First, there’s ego. That’s always in there somewhere. Second, there’s a desire to create a lasting type of performance art. And third, there’s what one downtown video rental store cleverly terms “romance.” At least that’s what it says on that sign above the locked door.

To hear Scozz, the drummer for up-and-coming Georgia bad boys The Backseat Superstars tell it, his group is probably equally driven by all three.

One of the last truly raunchy hard rock bands left in that metropolis (or one of the first of a brand-new revival, depending on who you ask), the group pledges allegiance to the glory days of sex, drugs, rock and roll, and swimming pools. It’s an ethos that’s become known as part of the Decline of Western Civilization.

Scozz says his group is doing whatever they can to combat the rising tide of conformity that has threatened to kill off American hard rock for over a decade. Their group was formed in 2003 out of what he terms extreme frustration.

“We were primarily fed up with the nu-metal scene and cookie-cutter bands,” he says. “It’s so hard to tell the difference between bands these days, ya know? Bands these past few years really have no identity. There is so much angst and anger in music these days... but what happened to the fun? Rock and roll is supposed to be fun. It’s a release. Why do you want to try and remind yourself that life is so bad? Grow up.”

He acknowledges that given the state of the music industry today, his group – and others like them – have their work cut out for them – but they’re not stopping.

“We are not out to start a revolution. We would just like to show kids there is an alternative alternative! We’re all about having a good time. If the Industry takes note, than so be it. There’s a market out there for what we play, that’s for sure.”

And yet, despite their aversion to what the group’s promotional materials decry as “corporate rock,” there are many pop culture scholars who would quickly point

out that the style of vaguely glam “hair metal” that The Backseat Superstars put forth is notorious for representing some of the most crass corporate marketing in the history of the music business.

This irony is not entirely lost on Scozz.

“Yeah, it is kinda an oxymoron when you think of it,” he acknowledges. “What we are now is the underground. That really trips me out. We took out the loan in the late ‘80s and early ‘90s and we’re more than willing to pay it back!”

The group currently rehearses a couple of days a week, but they are likely intense practices, as they are an extremely impressive and tight unit. Scozz describes everyone in the band as “true professionals,” and says the best part about all the members having secure careers outside of music as being a real boon to their development.

When it comes to signing a record deal, he proclaims, “We have nothing but time.”

Another one of his personal goals will be realized in just a few weeks, when his band plays at a charity benefit called CrueFest at the famous Whiskey A-Go-Go in Los Angeles.
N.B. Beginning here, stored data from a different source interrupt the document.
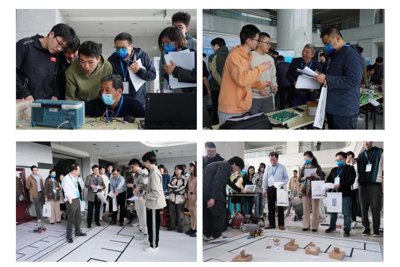 决赛现场,参赛队伍在一号楼大厅做作品展示。本场决赛邀请了解放军陆军工程大学潘克修教授等6位校外专家和10位校内专家组成评委团。决赛现场,评委们从作品完成度、技术指标、创新性等多个角度对各参赛作品进行评审,并与同学们深入交流,指导他们提升专业能力。
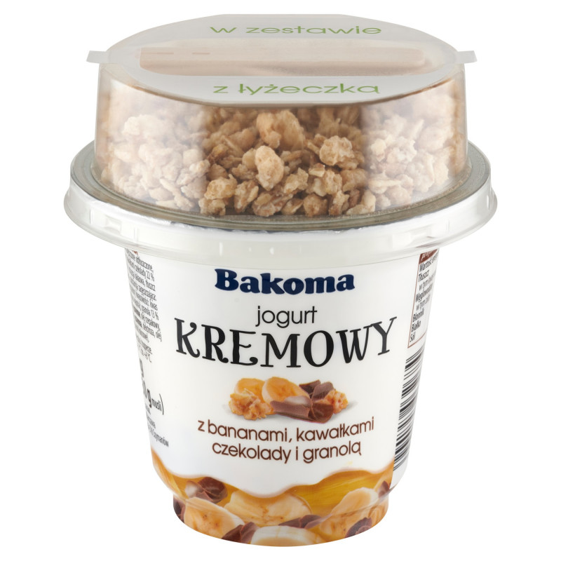 Jogurt kremowy z bananami i kawałkami czekolady oraz musli typ granola.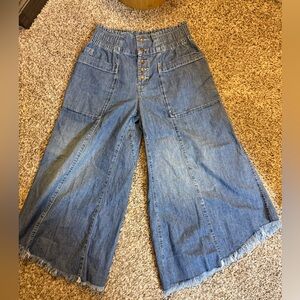 Great condition! Size small. Button fly. Advertised as a pull on pant but the button fly is functional. Very wide leg. Crop. Medium wash.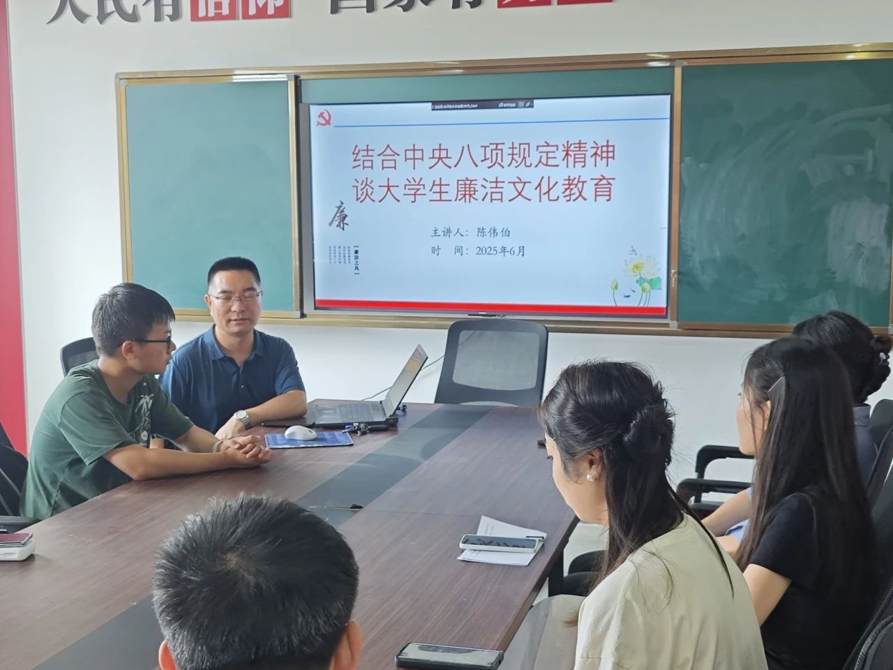 陈伟伯带领全体党员深入研读中央八项规定精神相关读本。他结合读本内容,从改进调查研究、精简会议活动、精简文件简报、规范出访活动、改进警卫工作、改进新闻报道、严格文稿发表、厉行勤俭节约等方面,对中央八项规定进行了全面细致的讲解。陈伟伯强调了八项规定和中央八项规定精神的不同之处,指出我们普通党员所要学习与遵守的主要是中央八项规定精神。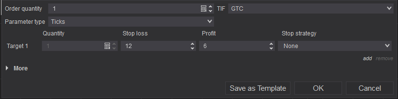For example: Lets say ES current price is 4442, I know there is resistance at 4448, so I want to tell the system to take SHORT/SELL MKT as soon as price reaches 4448 price and book profit at 6 ticks and book loss at 12 ticks.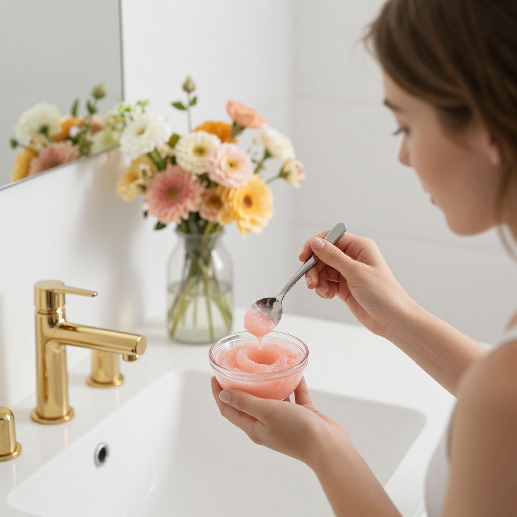 Woman applying skincare product while holding a bowl of pink scrub in a bright, modern bathroom featuring a sink, gold faucet, and a vase of colorful flowers.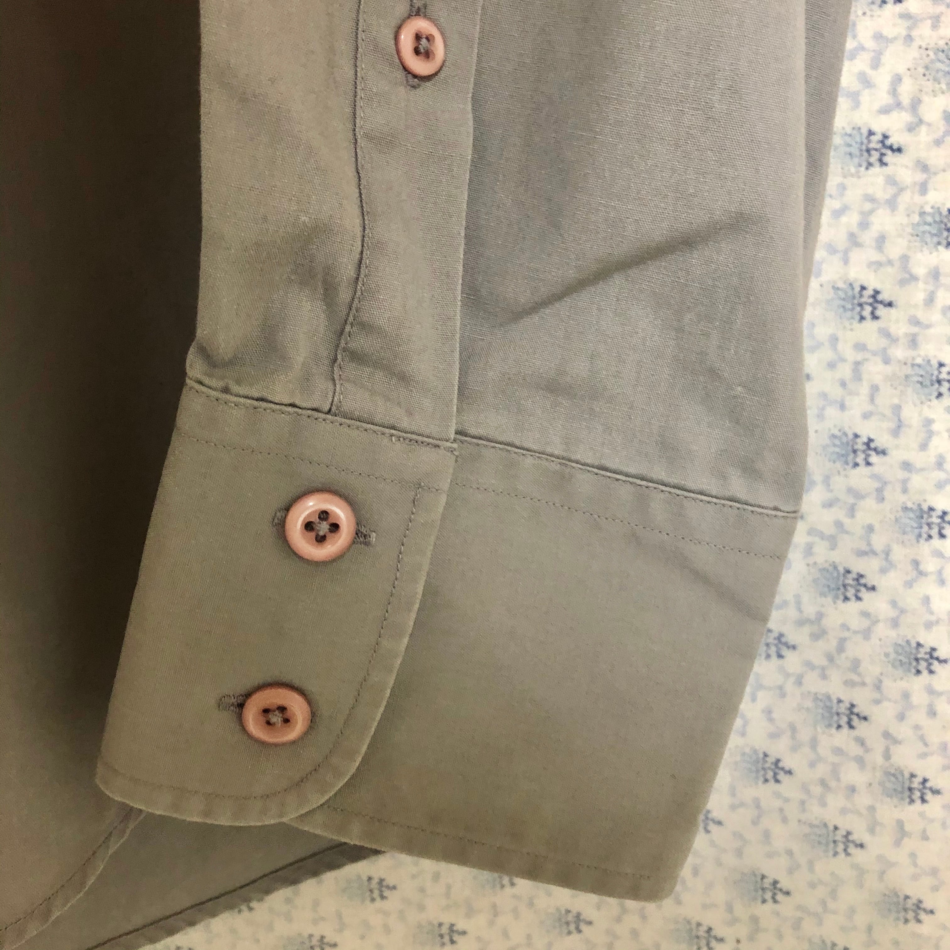 イブサンローランボタンダウンシャツ。色は、グレーに、赤茶とグレーが混ざったような色のボタン。胸ポケットには、イブサンローランのロゴの刺繍がある。サイズ表記41 肩幅49 身幅62 着丈78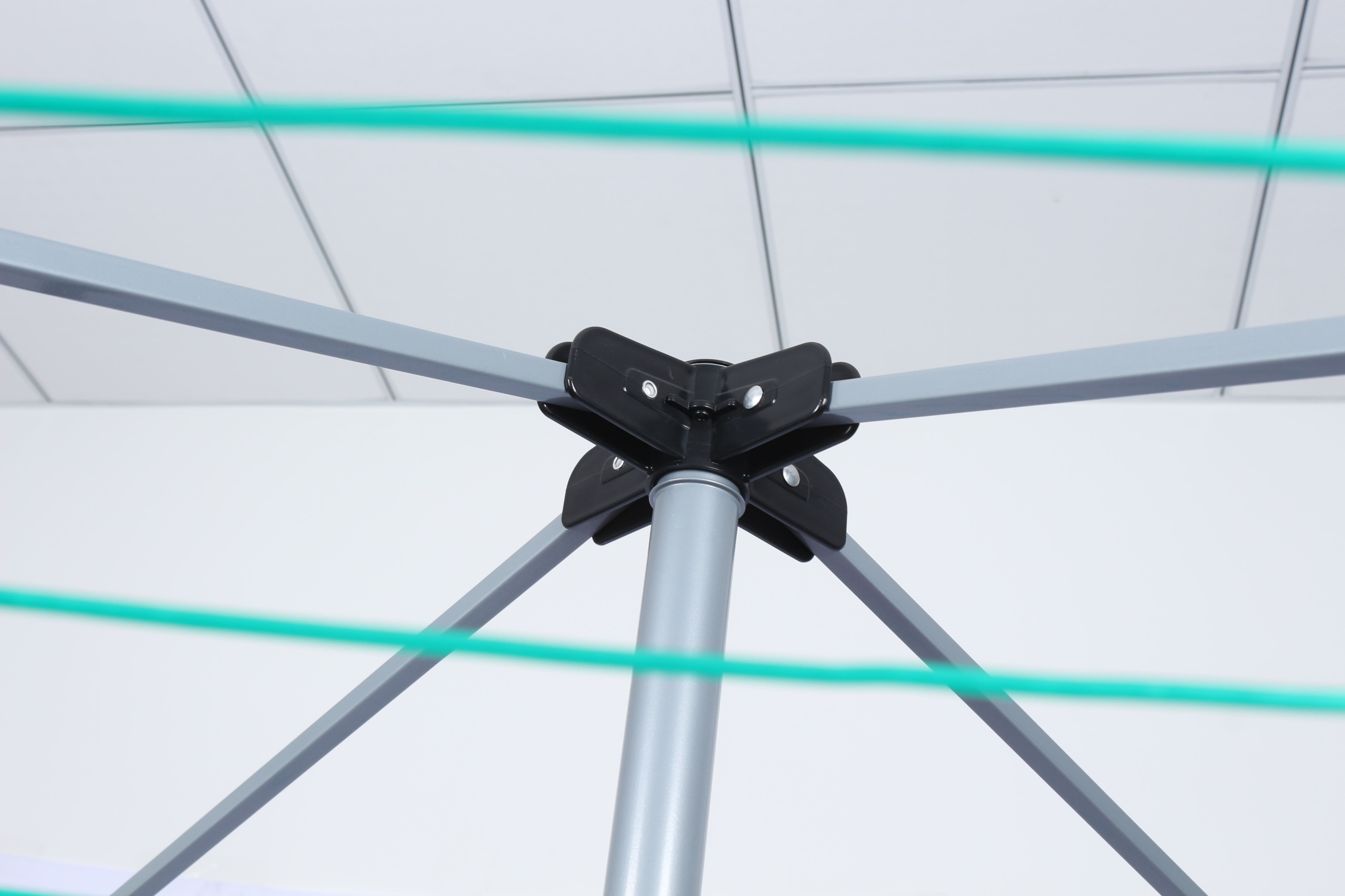 Сушилка Dollo Garden изготовлена из алюминия, что делает нашу садовую сушилку исключительно легкой и в то же время очень прочной и устойчивой к погодным условиям. Сушилка может вращаться, поэтому вы можете легко развесить белье. Специальный якорь, ввинченный в землю, обеспечивает достаточную устойчивость даже при сильных порывах ветра.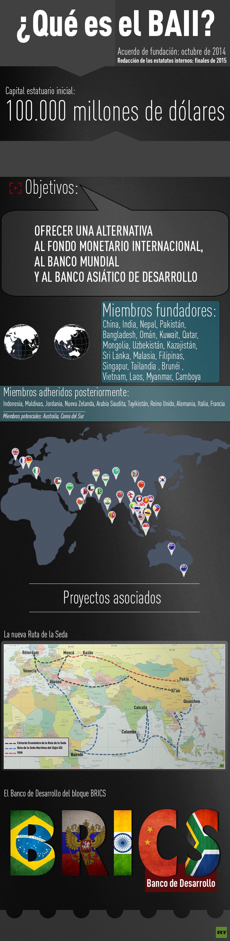La historia del banco, que fue puesto en marcha el pasado octubre con un acuerdo de fundación firmado por 21 estados y un capital estatuario de 100.000 millones de dólares, se está transformando ahora en una debacle diplomática para EE.UU., destaca el columnista de 'The Financial Times' Gideon Rachman. Con los jugadores que se adhirieron a la iniciativa más tarde, más las perspectivas que se están contemplando actualmente, hoy en día Japón y EE.UU. son los dos únicos grandes países que no colaboran con el BAII.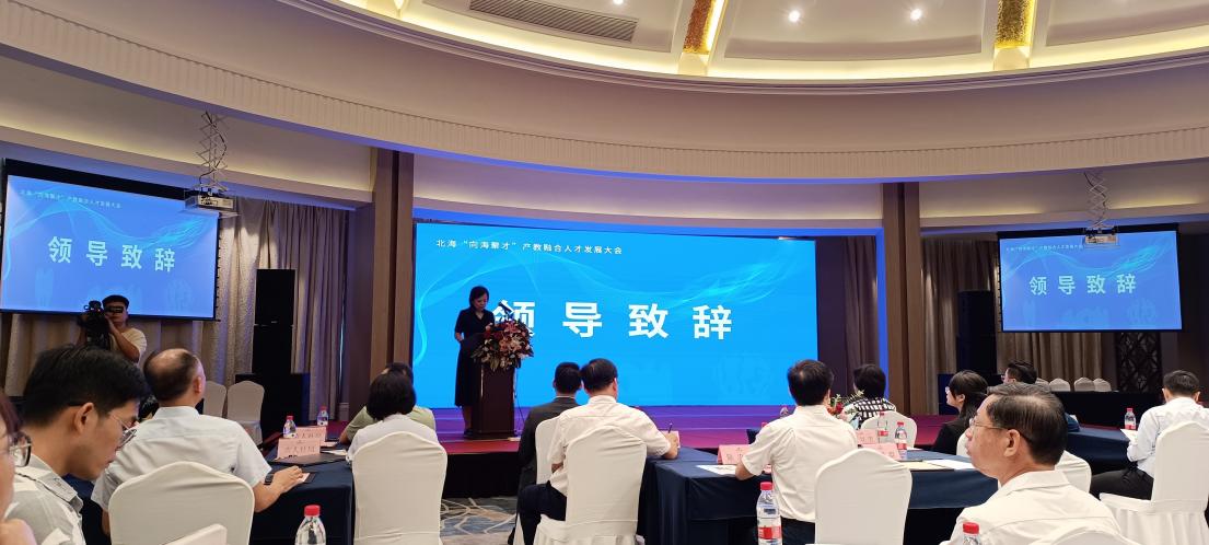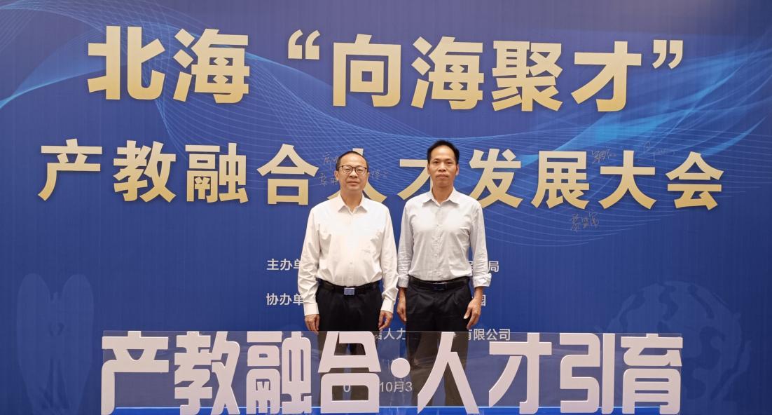10月31日上午,两人参加“向海聚才”产教融合人才发展大会,该大会由北海市人力资源和社会保障局主办,北海市政府相关职能部门领导,以及来自区内的28所高校代表和30家企业HR参加了会议。

They’ll appear with several other up-and-coming acts from around the world, all of whom are devoted fans of metal legends Motley Crue.

“I have been waiting twenty-some odd years to play the Whiskey and it will be a highlight of all of our careers,” he gushes.

Scozz is around the same age as Crue’s famed drummer Tommy Lee – who’s still on of his musical heroes.

“It is hard work doing what we do when you get into your late ‘30s and early

‘40s. You have to work that much harder. I am 42 years old and can still kick ass, so bring it on, junior.”

The Backseat Superstars play an 18+ show at The Jinx on Saturday night. ASG and Misfortune 500 appear as well.